A facebook-only friend (we have never met) said this:

“Everything we define as “reality” is filtered through chemical processes tuned over millions of years and evolved explicitly to keep us alive and reproducing. It’s entirely possible that we are microbes on the crust of a burning pebble among cosmic events that we cannot influence, destined to evaporate in the unfathomable void of time and space. When faced with someone who glimpses the absurdity of human function in the context of our nihilistic reality, we consider them to be broken, and their illusion of purpose in need of repair. In a sense, depression is a logical response to abject hopelessness, in a species with no real significance.
But me? Me I just like pie”

Funny isn’t it?
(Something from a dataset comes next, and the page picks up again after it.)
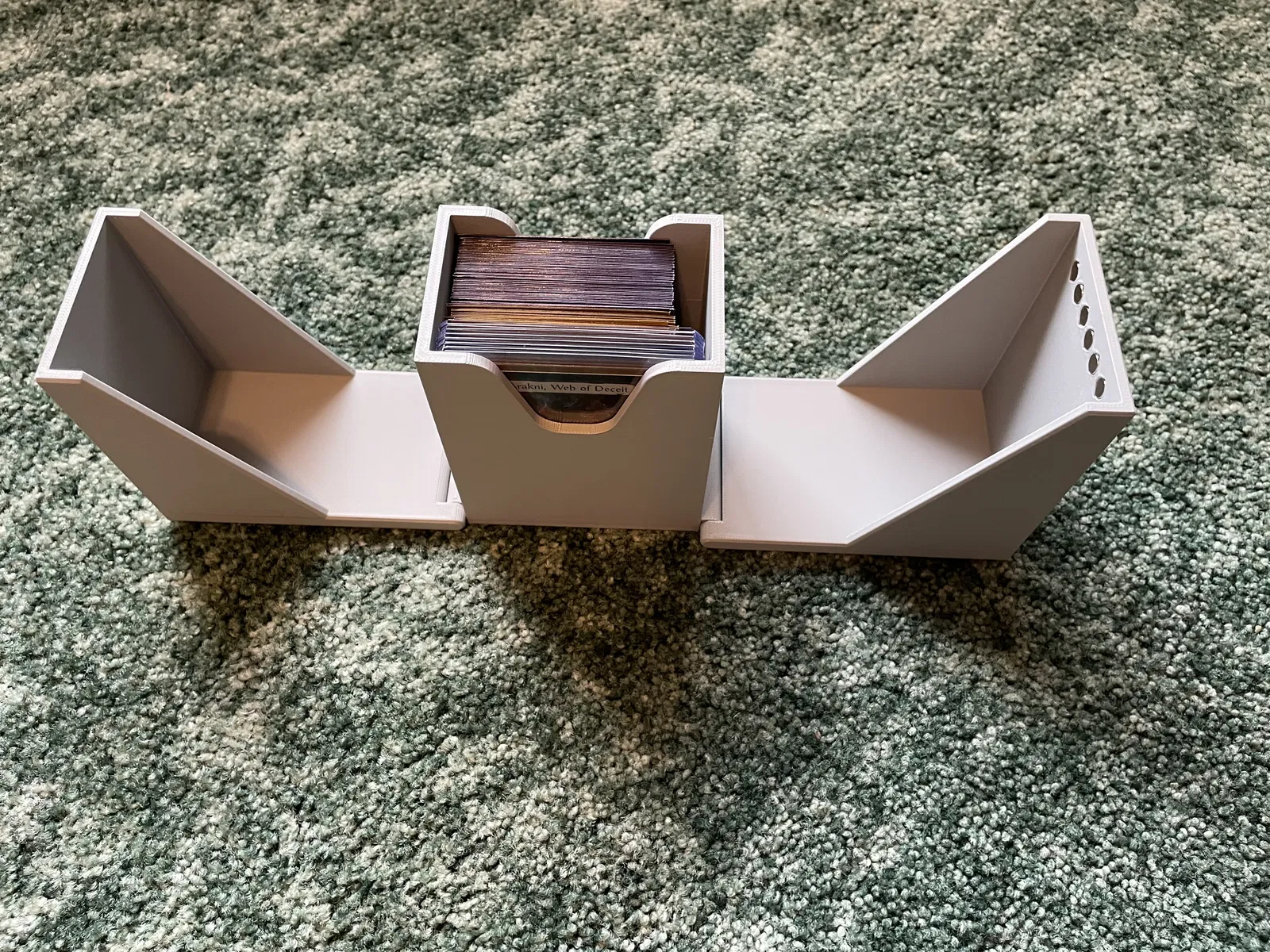 Đây là một hộp đựng bài an toàn, có thể gấp gọn cho MTG, FaB, Exodus, hoặc bất kỳ trò chơi thẻ bài nào có kích thước tiêu chuẩn.

I laughed. It is the humor that hits the right spot – something very serious, devastating to the possibility of any human meaning in life, is stared down with a diversionary joke. The technical word for this is “bathos.” Bathos is the use of an abrupt change of style from the transcendent or universal to the commonplace for comic effect.

To some extent our contemporary Western love of the secular is an attempt to live out this juxtaposition. Given that there is no ultimate purpose for anything, there is only pie, only personal preference, only what is meaningful now, a temporary, temporal, twitch of human effort to be something. And not something of any eternal significance. Just because there is no ultimate meaning, we are told, doesn’t mean there is no meaning whatsoever. Meaning can be found in life through making meaning, liking pie.

Secularist, Paula Kirby, argues (here) that there is no reason to think that a purposeless universe entails a purposeless life. It is perfectly possible to find purpose in an indifferent universe, devoid of anything transcendent or divine.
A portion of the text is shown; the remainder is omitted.